**YOUR ASSIGNMENT:**
Would you retype the listing below word for word, without any of its pictures?

**INFORMATION PROVIDED:**
· · ·
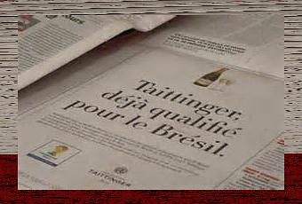 La bevanda officiale della coppa del mondo 2014 in Brasile è Taittinger. La FIFA voleva uno champagne distribuito mondialmente , con un nome famoso in modo da rispondere ai bisogni di un evento importante come è la coppa del mondo, specie se si svolge in mercati molto interessanti come quello brasiliano. Taittinger ha risposto presente; non ha creato una cuvee speciale per celebrare ma ha solamente cambiato le etichette del Brut reserve: una specie di effetto tridimensionale con i palloni del calcio o futebol. Taiitinger ha iniziato a sfruttare l’immagine dello sponsorship con una serie di campagne pubblicitarie legate al campionato. Singapore, Germania,Cina, USA etc etc sono i paesi dove la pubblicità effervescente è più sentita.
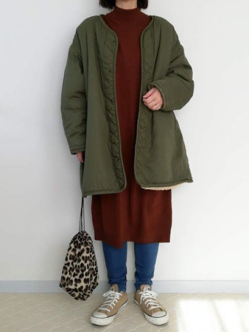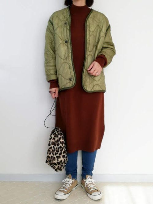 コンパクトなショート丈のアウターならグッドバランス!ミリタリーなライナージャケットで、ニットワンピースをカジュアルにシフト。
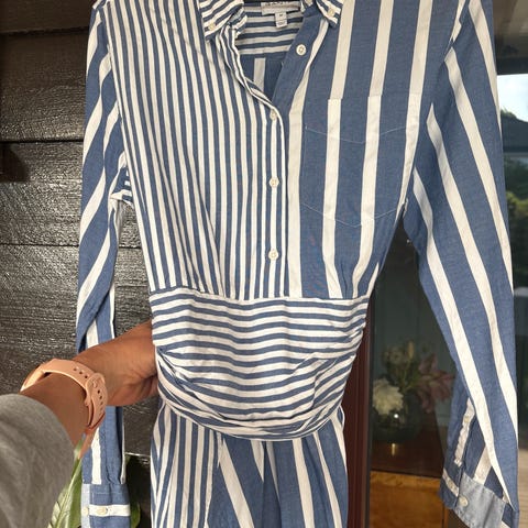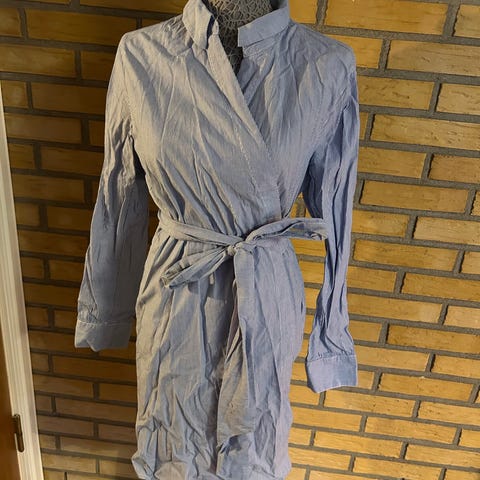 Superdry tunika for dame i størrelse L. laget i bomull og har blått stripemønster. Skjortekjolefasong med krage, knappelukking foran og knytebelte i livet. 3/4-lange ermer med mansjetter og brystlomme på venstre side.
· · ·
**TASK RESPONSE:**
 La bevanda officiale della coppa del mondo 2014 in Brasile è Taittinger. La FIFA voleva uno champagne distribuito mondialmente , con un nome famoso in modo da rispondere ai bisogni di un evento importante come è la coppa del mondo, specie se si svolge in mercati molto interessanti come quello brasiliano. Taittinger ha risposto presente; non ha creato una cuvee speciale per celebrare ma ha solamente cambiato le etichette del Brut reserve: una specie di effetto tridimensionale con i palloni del calcio o futebol. Taiitinger ha iniziato a sfruttare l’immagine dello sponsorship con una serie di campagne pubblicitarie legate al campionato. Singapore, Germania,Cina, USA etc etc sono i paesi dove la pubblicità effervescente è più sentita.
 コンパクトなショート丈のアウターならグッドバランス!ミリタリーなライナージャケットで、ニットワンピースをカジュアルにシフト。
 Superdry tunika for dame i størrelse L. laget i bomull og har blått stripemønster. Skjortekjolefasong med krage, knappelukking foran og knytebelte i livet. 3/4-lange ermer med mansjetter og brystlomme på venstre side.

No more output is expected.